Si la révolution française de 1789 fait l'objet aujourd'hui  de bilans de plus en plus nuancés et bien moins laudatifs au vu des terribles théories et régimes mortifères qu'elle a engendrés à court terme puis tout au cours du vingtième siècle, il est certain qu'elle a été catastrophique tant pour le royaume de France que pour celui d'Espagne face à une future hégémonie britannique puis anglo-saxonne. Et pourtant en 1788 les navires de charge français transportent le même pourcentage du trafic marchand mondial que les navires britanniques. L'Espagne, malgré son affaiblissement, conserve d'immenses territoires qui vont de l'Amérique du nord (de l'Orégon à la Floride) jusqu'à la terre de Feu et au détroit de Magellan, en passant par l'Afrique et l'Asie (Îles Philippines, Mariannes).
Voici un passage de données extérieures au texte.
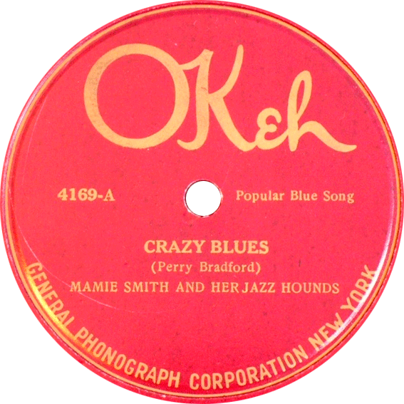 Rebuscando un poco por internet (¡Dios te salve internet!) Un nombre conocido apareció de repente: Mamie Smith y sus Jazz Hounds. La gran Mamie fue nada más y nada menos en la primera cantante afro americana en grabar un Blues, convirtiéndose de la noche a la mañana en una de las cantantes más famosas de su época. Todo ello fue gracias a la insistencia del pianista, compositor y líder de banda Perry Bradford, quien ya por 1919 intentaba abrir el mercado americano a la auténtica música popular negra. Tras varios intentos en distintas compañías fue el director musical de Okeh Records, Fred Hagar, quien vio las posibilidades comerciales de editar auténtica música Blues (Hagar, dicho sea de paso, también era músico y editó varios discos dirigiendo bandas con su seudónimo, Milo Rega). Fue así como, a pesar de las presiones de varias compañías que amenazaban con boicotear a Okeh si grababa a músicos afro americanos, Bradford optó por contratar a Mamie Smith para la que compuso un par de temas para su primer disco, editado en 1920. Eso sí, le acompañaron músicos blancos. El disco tuvo un éxito discreto, pero el suficiente para que Hager recapacitara y accediera a las presiones de Bradford y dejar así que Mamie grabara con su propia banda, bautizados como los Jazz Hounds. Como se decía en los 60, black is beautiful, y así fue como el público americano acabó enloqueciendo con la edición de «Crazy Blues/It’s right here for you», el primer disco de auténtico Blues editado en Estados Unidos. Se dice que el disco vendió más de un millón de copias, lo cual siempre es difícil de demostrar en un época en que no habías listas de ventas, pero sí que es verdad que catapultó la carrera de Mamie Smith convirtiéndola en una estrella, a partir de entonces conocida como La Reina del Blues.

Les deux pays à la brillante civilisation et à la même foi catholique sont gouvernés respectivement par Louis XVI et Charles IV, des cousins,  qui ont pour proches aïeux communs Louis XIV de Bourbon et  Marie-Thérèse d'Autriche (fille de Philippe III d'Espagne),  et  leurs ancêtres ont façonné une grande partie de l'histoire de l'Europe depuis le Moyen-Âge.


À l'avènement du consulat puis de l'empire, l'Espagne qui a un grave différend avec l'Angleterre (la récupération de Gibraltar est d'autant plus d'actualité) reste l'alliée de la France. Par le traité de Saint-Ildefonse (1er octobre 1800), l'Espagne a accepté de mettre sa flotte à la disposition de la France. Cette alliance mène les deux pays et leurs marines  respectives (*)  sous le commandement de l'amiral française Pierre, Charles, Sylvestre de Villeneuve  à la terrible bataille du cap Trafalgar  - au large de Cadix - Andalousie - 21 Octobre 1805.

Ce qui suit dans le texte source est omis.